I've been meaning to write this review for a long time. I saw the play for the first time, this past Valentine's Day and I was utterly surprised. I went to see it with my boyfriend, and in my mind the title made me feel that it would be an uncomfortable or inappropriate play to watch during Valentine's but I was wrong in that assumption. Now granted, you don't want to go see it with a new beau or a significant other you don't know very well, unless you two are very mature adults, it may cause some discomfort.
(Random story: I'd had an awesome Spanish teacher when I was in high school who told me she would be preforming in this play. She didn't want me to see it because she said it was too explicit for my age, but I think it's fair to believe that being a college student at 20, it was now appropriate for me to see this play, for only $5 :))
It is national tradition for "The Vagina Monologues" to be shown on Valentine's Day, which was a fact I was ignorant of before seeing it and following up with research. In a nutshell, I saw the big themes as being "Progressive," "women-empowering," "women-liberating," and "revealing." The monologues consist of various soapbox stories dealing with every aspect of woman experience, of course surrounding her private parts.
Eve Ensler, the original writer, wrote the monologues based off of 200 previous interviews she'd conducted with with women about their views on "sex, relationships and violence against women." I thought that was a cool thing for her to do, as sex has always been a taboo issue. When the women answered her questions, they brought up many personal anecdotes to help explain themselves, which Ensler was inspired to use to create a compilation of these monologues.
There is one monologue dedicated to a very old woman who said she had never had sexual intercourse before because when she became aroused she would "flood" with a terrible stench and this would embarrass her. I've never heard of that, but Im assuming that it's maybe a rare condition some women may have. Another monologue speaks on a young girl who'd always had bad experiences with her private. As a young girl she was jumping on the bed...had jumped too high and landed between her legs on the bed post...OUCH! As an adolescent someone punched her there and when she was 16 a beautiful, woman she admired in her neighborhood taught her how to please herself.

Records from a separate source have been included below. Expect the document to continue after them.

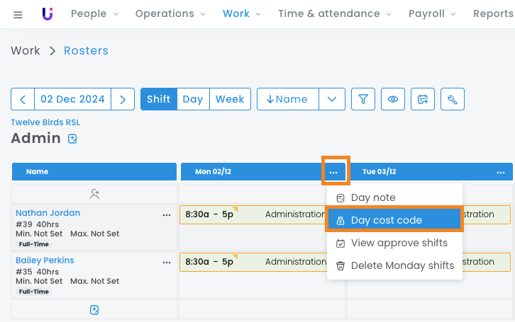 - Assign a Cost Code to a single day and a single roster -This method is accessed via the ellipsis above the date on a single roster.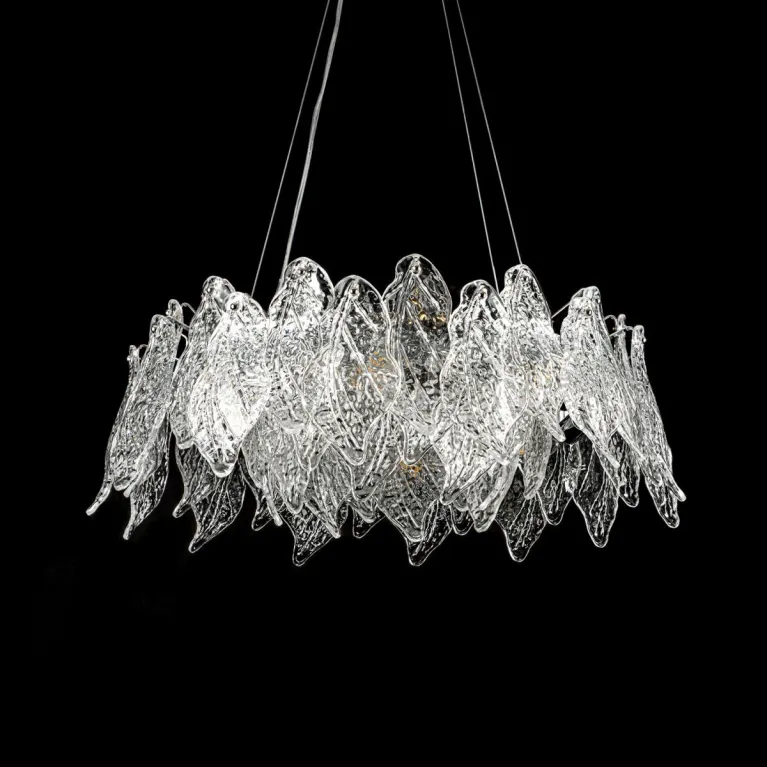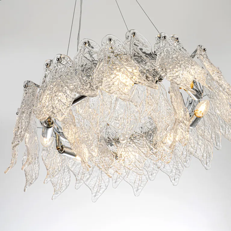Преобладающий цвет плафонов: Прозрачный, арматуры: Хром; материал изготовления арматуры: Металл, размеры, мм: / высота 1250 / диаметр 580. Общая мощность – 320 Ватт, а максимальная площадь освещения до 17 м2. Основной тип ламп, предусмотренный производителем: Накаливания с цоколем E14. В зависимости от предпочтений можно использовать лампы теплового, холодного или нейтрального света, за исключением люстр с типом цоколя LED.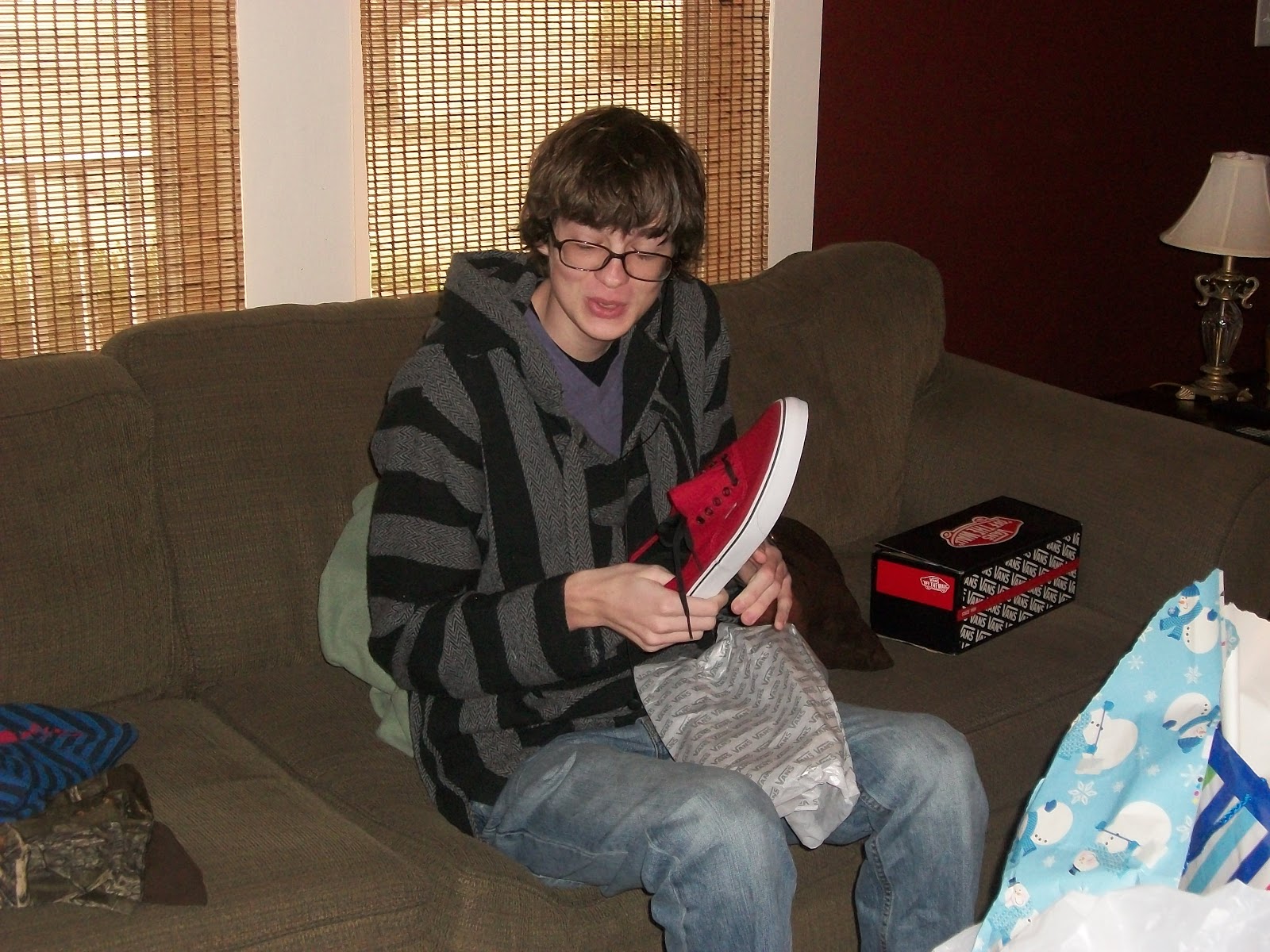 New clothes from Grandma, and money from all of the grandparents, which always seems to fit just right.Momma got it right with the Van's shoes. They are flat skate boarding shoes that he seems to have a passion for.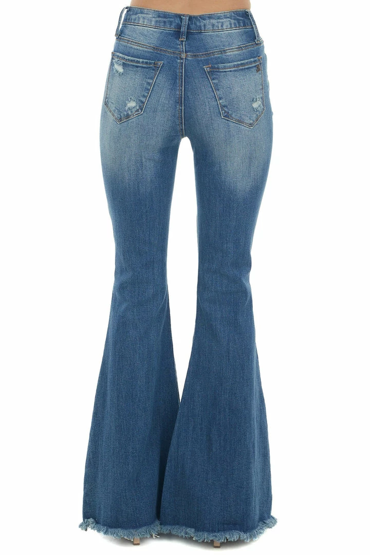 - Medium Wash Frayed Hem High Rise Flare Jeans
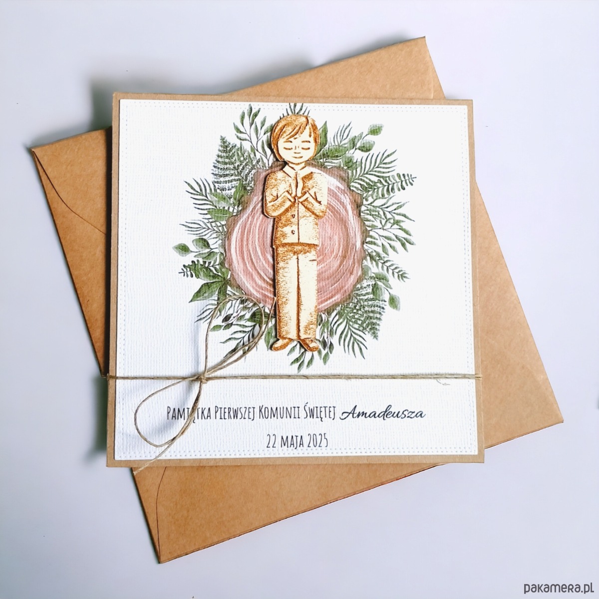 Kartka, PERSONALIZACJA : I Komunia Święta : drewno: chłopiec
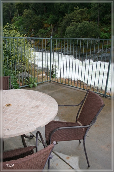 Unser Zimmer hat einen Gas-Kamin und eine riesige Terrasse direkt am Merced River, der tosend vorbeifließt. Und das Donnern und Rauschen ist auch bei geschlossenen Türen und Fenstern das dominierende Geräusch. Man kennt ja Hotelzimmer, durch die Züge oder Lastwagen fahren. Aber das gefühlt ein Fluss durchs Zimmer fließt erleben wir heute auch zum ersten Mal.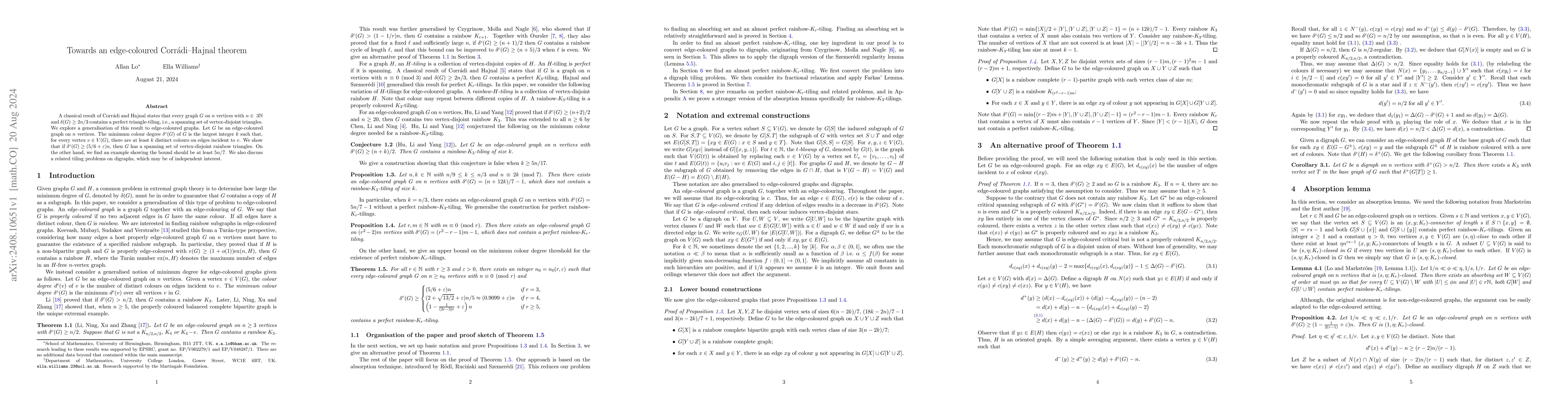 A classical result of Corr\'adi and Hajnal states that every graph $G$ on $n$ vertices with $n\in 3\mathbb{N}$ and $\delta(G) \ge 2n/3$ contains a perfect triangle-tiling, i.e.,\ a spanning set of vertex-disjoint triangles. We explore a generalisation of this result to edge-coloured graphs. Let $G$ be an edge-coloured graph on $n$ vertices. The minimum colour degree $\delta^c(G)$ of $G$ is the largest integer $k$ such that, for every vertex $v \in V(G)$, there are at least $k$ distinct colours on edges incident to $v$. We show that if $\delta^c(G) \ge (5/6 + \varepsilon) n$, then $G$ has a spanning set of vertex-disjoint rainbow triangles. On the other hand, we find an example showing the bound should be at least $5n/7$. We also discuss a related tiling problems on digraphs, which may be of independent interest.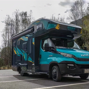 本款房车是一款基于进口依维柯New Daily底盘改造的自行式C型房车正式上市。新车型在原本的E途系列基础上增加了许多黑科技的配置,如世界顶级的丹拿音响、富声功放和JBL低音炮、带水平调节的四方位电动支腿和强大的水电等配置;其次最大的亮点在于新车型上采用了防弹级第四代五明治碳纤维车身材质,车内大量采用轻量化材质,提高车身强度的同时又降低车身重量;此外排放标准也提前满足国六B阶段。新车型名为戴德E途O MAX房车。VX:YH_ZF-2020——1 3 3 2 1 9 5 6 6 7 9官方指导价228.8万元起售。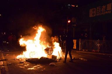 Keywords: 2016 Mong Kok civil unrest fire Barrier 2.jpg zh 示威 旺角街頭縱火 http //www voacantonese com/content/hk-lunar-new-year-fish-ball-protests-clash-with-police-live-qand-a-20160209/3183142 html Iris Tong 2016-02-09 PD-USGov-VOA 2016 Mong Kok civil unrest |

This experience, I assume touches on the issue of same sex relations.
If you are thinking right now, Yasmine what's the matter with you?! Hey, the answer is nothing, I am simply relaying your with facts surrounding the play, but for this reason...the shock value, this play is truly revolutionary.
Another story, my absolute favorite is the one of The Angry Vagina! It speaks of how horrible the doctor visits are...in which you are told to strip naked, put on an itchy piece of thin cloth, told to slide down in the stirrups and are examined with a cold instrument, called a speculum, which the monologue calls "duck lips!" lol This angry monologue also condemns whoever thought of the tampon which the monologue calls "a dry cotton swab, you shove up... :)
There are also a couple of more serious, sad monologues, those of foreign girls in poor countries in places like Russia, where girls are sex trafficked and terribly abused, and those of women in African who are mutilated so there is no longer any feeling. Mutilation often leads to vaginal infections and miscarriages...it is a painful process.
There's another funny one about a married woman who does not like to shave. She has a firm belief that you (as a man) cannot like it, without liking hair! LOL She found her husband cheating on her, and was told that compromise is sometimes necessary for relationships to work. So she agreed and started shaving, but her husband continued to cheat on her. I didn't know whether to laugh or cry at this one!
Overall, I thought the play was great! I'd like to say "It's the play that sheds light on all the things women can't say OUT LOUD!" If you go see this play, there are two things you must do...1) You must be honest with yourself about all good and bad sexual experiences you've had in the past and 2) you MUST be open minded to the perpectives of other women, even if you don't necessarily agree with them. If you do these two things, there should definitely be times when you are laughing your guts out and maybe a time or two when you are crying. It's a liberating, emotional roller coaster! This goes for men as well...I think it will open their eyes (probably more than they want them to be opened lol) to women's perpectives on sex.